Quantitative of Storyline Graphs via AMT Results of pairwise preference tests (OursV): our method with videos only. (OursIV): our method with videos and images NET: Network-based topic models ([Kim et al. 2008]) HMM: Hidden Markov Models Page: PageRank based image retrieval (no structural info) • The numbers indicates the percentage of responses that our prediction is more likely to occur next. • At least the number should be higher than 50% to validate the superiority of our algorithm.
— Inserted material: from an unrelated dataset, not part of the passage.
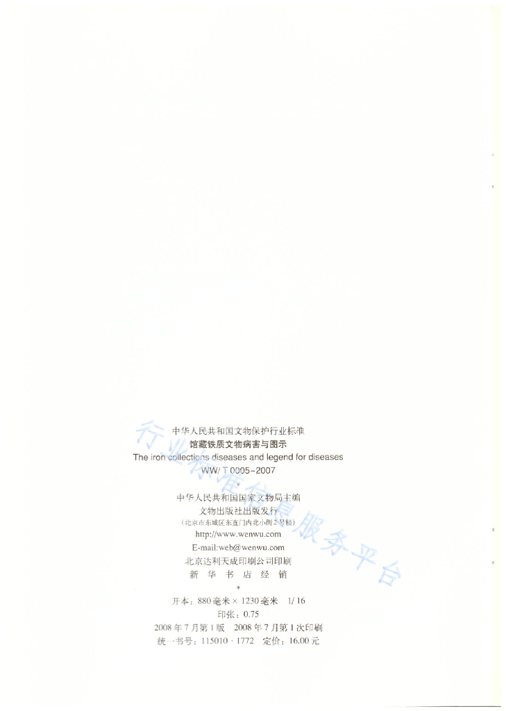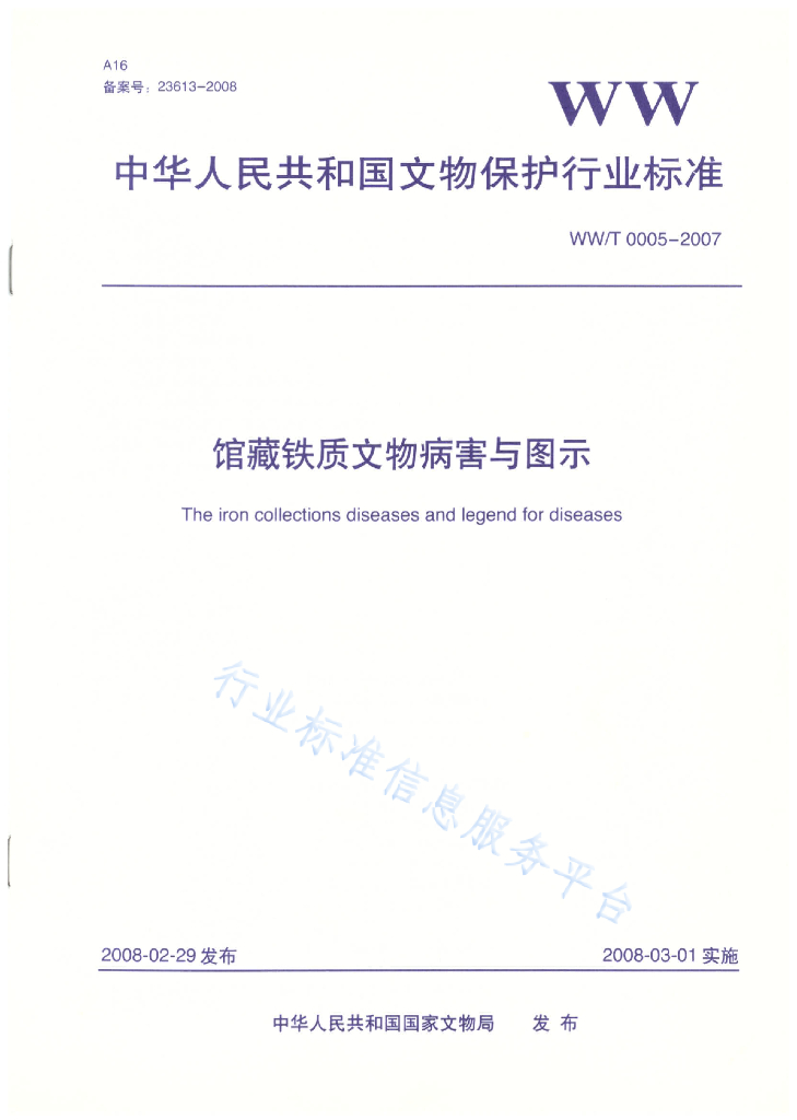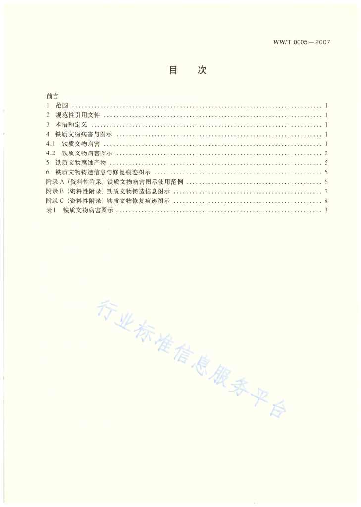 WW/T 0005-2007 馆藏铁质文物病害与图示

Qualitative Evaluation on Storyline Graphs Given a pair of images in a novel photo stream, predict 10 images that are likely to occur between them using its storyline graph GT Ours (HMM) (PageRank) • (HMM) retrieves reasonably good but highly redundant images. No branching structure. • (PageRank) retrieves high-quality images but no sequential structure.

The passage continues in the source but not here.